With the rift between Captain America and Iron Man, the others have to choose sides. The result is a polarization that builds to conflict and eventually outright battle between the Avengers with both #TeamCap and #TeamIron recruiting new members. Ant-Man, Black Panther, and Spider-Man join in the battle and lay the groundwork for the success of their own franchises.
Ant-Man — which was released last year and grossed almost $200,000,000 — is already off to a good start. Ant-Man brought both his shrinking ability and his odd personality to the battle. It was a pleasure to see him on the screen amidst his fellow Marvel heroes even if he was fighting half of them.
Black Panther is set to come to theaters in 2018, so this was his movie debut. He did not disappoint. Both mysterious and formidable in battle, he brought a new intensity to every scene in which he appeared — both in and out of costume.

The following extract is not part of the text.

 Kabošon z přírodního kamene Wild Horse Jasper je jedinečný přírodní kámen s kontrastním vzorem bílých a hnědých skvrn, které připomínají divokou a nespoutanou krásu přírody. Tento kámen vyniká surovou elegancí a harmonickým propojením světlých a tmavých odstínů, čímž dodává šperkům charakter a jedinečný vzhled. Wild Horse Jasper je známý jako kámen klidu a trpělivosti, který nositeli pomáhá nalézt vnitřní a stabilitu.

But, at least for me, the best introduction was Spider-Man. Though the web-slinger has had several cinematic reboots, I have never really seen any of them as the Spidey of the comic books I read as a young man. This new iteration nails it. He is young, nerdy, witty, and quirky. In the midst of battle, he delivers powerful blows and awkward banter with the same quick reflexes. The new Spider-Man film is scheduled for release in 2017.
The success of Captain America: Civil War will certainly help determine the direction of future films based on these characters.

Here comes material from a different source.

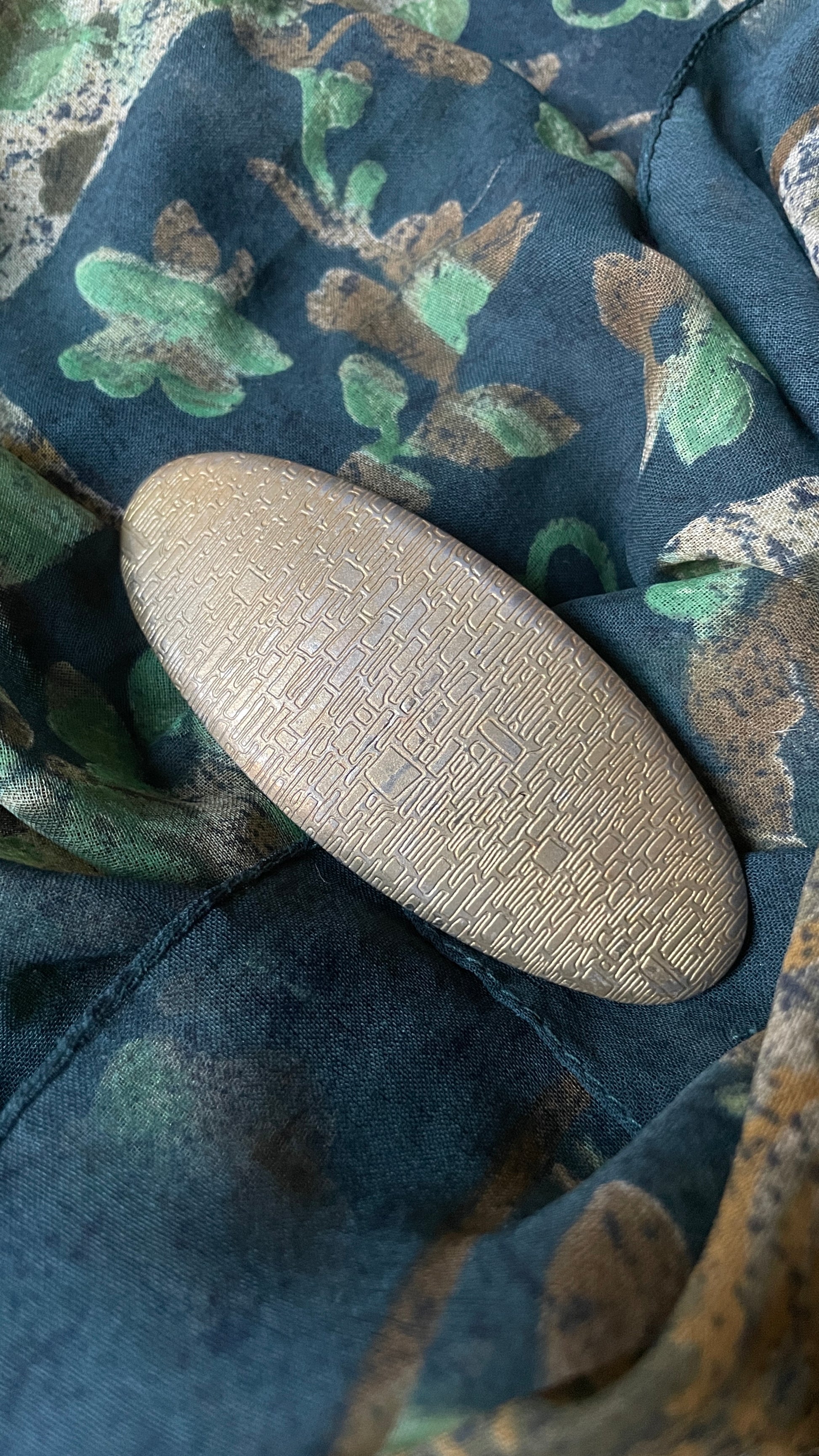 A Little tarnished but still spectacular I think. Super cute hair clip in a brutalist pattern.

Once the characters are assembled and the lines are drawn, the battle that ensues is intense and the cost is as high as the stakes. What the two Avengers teams don’t know is that the catalyst for their Civil War was manufactured for that very purpose. They don’t know what they don’t know because they never tell each other what each of them does know. As a result, they fight each other as the enemy instead of realizing that they have a common enemy who is manipulating events behind the scenes.
And that makes the title of the movie quite apropos. The similarities between this movie and the American “Civil War” are telling. As tempers flair and better judgment is set aside, absolute war becomes the result when — if cooler heads had prevailed — everything could have been worked out. Instead, a behind-the-scenes plan to “bring down an empire” causes those who could and should have stood together for a greater good to fight each other at great cost and no gain.
America’s “Civil War” could have come seven decades before it did if the Constitutional Convention of 1787 had acted as rashly as both the North and the South did in the 1860s. Instead, the delegates at the convention sat down and talked. They compromised. They found workable — if imperfect — solutions. If that spirit had prevailed in the 1860s, America would never have had a “Civil War.”
The real-world post-9/11 and historical elements of Captain America: Civil War, combined with solid script-writing, acting, directing, and production, make it a film worth seeing and discussing.